There’s no stomach in the West for sending in ground troops, and there are few reliable, organized groups to work worth in Syria, Valentino said. Without soldiers on the ground, discriminating between the victims and the perpetrators will be difficult.
“It’s very difficult to actually protect civilians on the ground using airplanes that are flying at 500 miles an hour and at 30,000 feet,” Valentino said. “Even drones are just not good enough to spot all the perpetrators, separate them from the victims and target them.”
Russia complicates solution
Islamic State is only the “by-product” of the larger Syrian conflict, according to Majid Rafizadeh. Right now, “the West are targeting and attacking the symptoms rather than the disease.”
“The underlying root of the problem is the ongoing Syrian conflict,” Rafizadeh, an expert on Iran and Syria at Harvard University, told DW. “There is a need for a more comprehensive strategy.

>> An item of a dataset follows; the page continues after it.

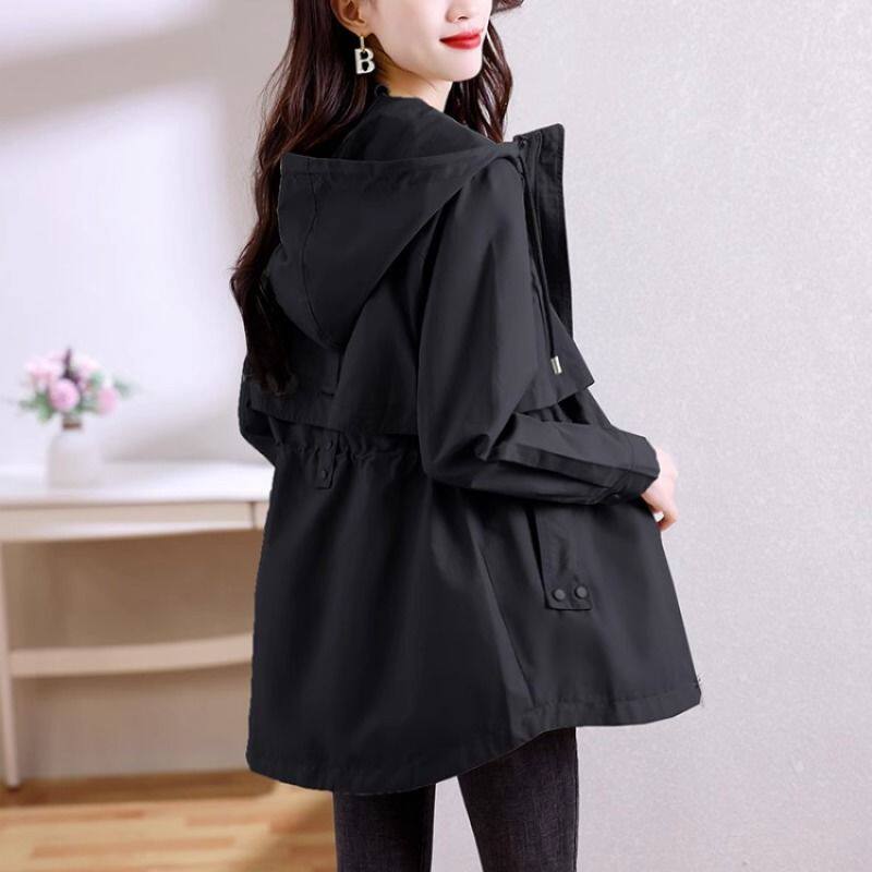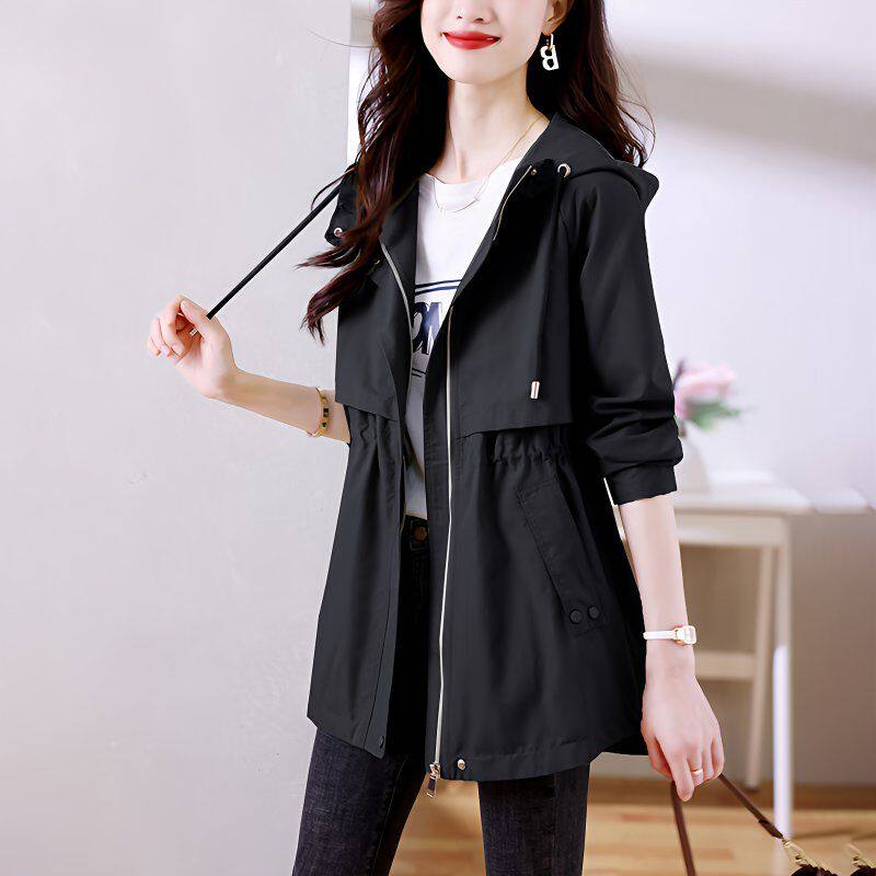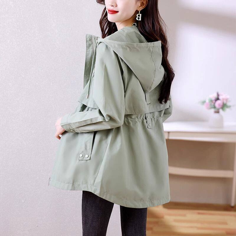 中长款风衣女款2026流行新款小个子春秋薄款修身连帽百搭气质外套

The West should look at the root of the issue and put aside the ‘wait and see’ policy towards Syria and ISIS.”
Finding a comprehensive political solution to the conflict has been complicated by reports of direct Russian intervention in support the Assad regime. According Seybolt, third party intervention often prolongs a conflict, complicating its resolution.

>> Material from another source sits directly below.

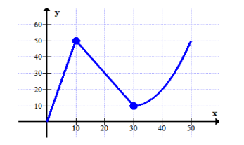 Example Peter investigated a series of data \((x,y)\) and observed that: between \(x=0\) and \(x=10\), \(y\) is proportional to \(x\) i.e. data follow a model of the form \(ax\) between \(x=10\) and \(x=30\), \(y\) decreases linearly in rate 2 i.e. data follow a model of the form \(-2x+b\) between \(x=30\) and \(x=50\), data follow the quadratic model \(0.1(x-30)^2 + 10\), (a) Write down a piecewise function \(f(x)\) that describes the data. ▶️Answer/ExplanationSolution: $ f(x) = (b) At \(x=10\): \(ax = -2x + b \implies 10a = -20 + b\) The solution of the system is \(b = 70\) and \(a = 5\). Thus, \(f(x)\) takes the form: $ f(x) = (c)

“It very disturbing that Russia is sending more material support to the Assad regime,” said Seybolt, who is also with the Ford Institute for Human Security. “That will really get in the way of any sort of diplomatic initiative by the UN or any third party that’s capable of being a mediator in negotiations.”
“You pour soldiers and weaponry into an ongoing conflict and it’s likely to get worse before it gets better,” Seybolt added.
Accepting refugees helps more than air strikes
With the prospect of a political solution remote, the best way to help the people of Syria at the moment is to shelter those who manage to escape the conflict, according to Valentino.
“Many countries in the West are not interested in doing that, but I think that’s more likely to help people than dropping a few bombs in Syria,” he said.
While Germany will welcome more than 800,000 refugees this year, Britain has agreed to shelter just 20,000 people over the next five years. France will take in 24,000 in 2015. Distant Australia has agreed to 12,000 this year. The United States on Thursday announced plans to accept 10,000 refugees over the next year. There reports that Washington will increase the cap on its refugee quota from 70,000 to 75,000.
The Syrian civil war, which started over four years ago, has killed more than 250,000 people and driven more than 4 million from their homes, according to the United Nations.
Under the international law, refugees are required to apply for asylum in the first safe country they enter. Geographically, countries like the United States and Great Britain are more distant from the conflict zone than Germany or other European countries on the front line of the current refugee influx. But this shouldn’t let them off the hook, he said.
“Because the UK and the US aren’t the countries of first entry, they’re doing what they’re legally obligated to do,” Seybolt said. “On the other hand, there’s a capacity to accept far more refugees than those countries are accepting, and that capacity should be used.”